FlutterFlow's AI chat generates FlutterFlow widgets, actions, and code for you as the app builder — it does not add AI capabilities to your app's end users. To give users AI-powered features, connect a Cloud Function to OpenAI, Claude, or Gemini APIs. FlutterFlow's AI can also write those Cloud Function calls for you, but the underlying AI service must be external.
Clearing up the confusion: builder AI vs. user-facing AI
FlutterFlow has an AI chat panel that many users mistake for a way to add AI features to their app. This is a common misconception. FlutterFlow's AI is a builder tool — it reads your project context (pages, data types, variables) and writes FlutterFlow-compatible code for you as the developer. It's like having an AI pair programmer. It can generate a Custom Action that calls OpenAI, but it does not itself provide OpenAI access to your app users. For your app users to interact with AI (chatbots, text generation, image analysis, recommendations), you must connect your app to external AI APIs — OpenAI, Anthropic Claude, Google Gemini, or similar services — via Cloud Functions or the FlutterFlow API Manager.
Prerequisites
- FlutterFlow account (any plan — AI chat is available on all plans)
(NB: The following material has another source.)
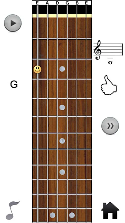 The goal of this app is to improve a guitarist's sight reading ability by matching notes on a music staff to locations on the fretboard for all 6 of the guitar strings up to the 12th fret.

- Basic understanding of FlutterFlow pages and widgets
- For adding user-facing AI: Firebase Cloud Functions or Supabase Edge Functions
- API key from OpenAI, Anthropic, or Google AI Studio for user-facing AI features
Step-by-step guide
Understand what FlutterFlow's AI chat can and cannot do
Understand what FlutterFlow's AI chat can and cannot do
Open any FlutterFlow project and look for the AI icon in the left toolbar — it looks like a sparkle or star symbol. Clicking it opens the AI panel where you can type requests in natural language. FlutterFlow's AI can generate: Custom Actions (Dart code), Custom Widgets, Firestore query structures, page layouts, theme configurations, and App State management code. It reads your current project context to generate relevant code. It cannot: give your app users a chatbot, generate text or images for end users, analyze user-submitted photos, or provide any AI service that runs at user request time. The AI generates code for you; the code runs on the user's device but doesn't connect to any AI service unless you write that connection yourself.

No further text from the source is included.